The Old Ironsides trophy was introduced to the Big Three championship in 1951 by the Pittsburgh Junior Chamber of Commerce to be given to the winner of the round robin. Upon its introduction it was believed to be the heaviest trophy in the world at 150 pounds, although some sources place the trophy at 200 pounds. The 4 foot tall trophy consists of a 3 foot tall stainless steel triangular prism mounted onto a one-inch thick stainless steel triangular base. On each side of the trophy is a plaque at the top of the trophy's body. Each plaque represents one of the three schools as their name appeared at the time of the trophy's introduction (Pennsylvania State College became Pennsylvania State University in 1953). Smaller plaques were annually placed underneath the large plaque to mark years in which the team had had a shared result or an outright victory. Atop the pillar sits a "nearly regulation sized" football presumably also made of stainless steel.

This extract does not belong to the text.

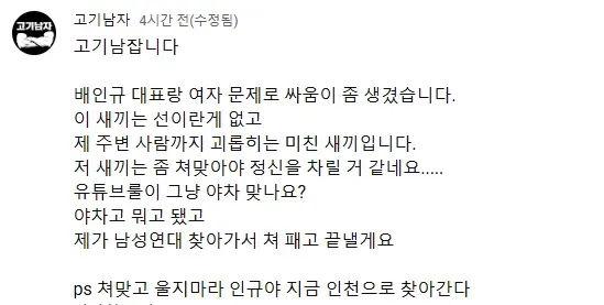 오늘 유튜버간 현피싸움 생중계 요약

The trophy was traditionally awarded to the victorious team's head coach, or a chosen position coach in the case of then Penn State quarterbacks coach Joe Paterno following the 1964 season, at the annual Pittsburgh Junior Chamber of Commerce banquet or Curbstone Coaches awards banquet in the Roosevelt Hotel or the Sherwyn Hotel. The Roosevelt Hotel has since been repurposed a high-rise apartment complex called "The Roosevelt Building" and the Sherwyn Hotel is now Point Park University's Lawrence Hall. There is also at least one instance of the presentation taking place at the weekly Junior Chamber of Commerce luncheon in the Old Vienna Restaurant.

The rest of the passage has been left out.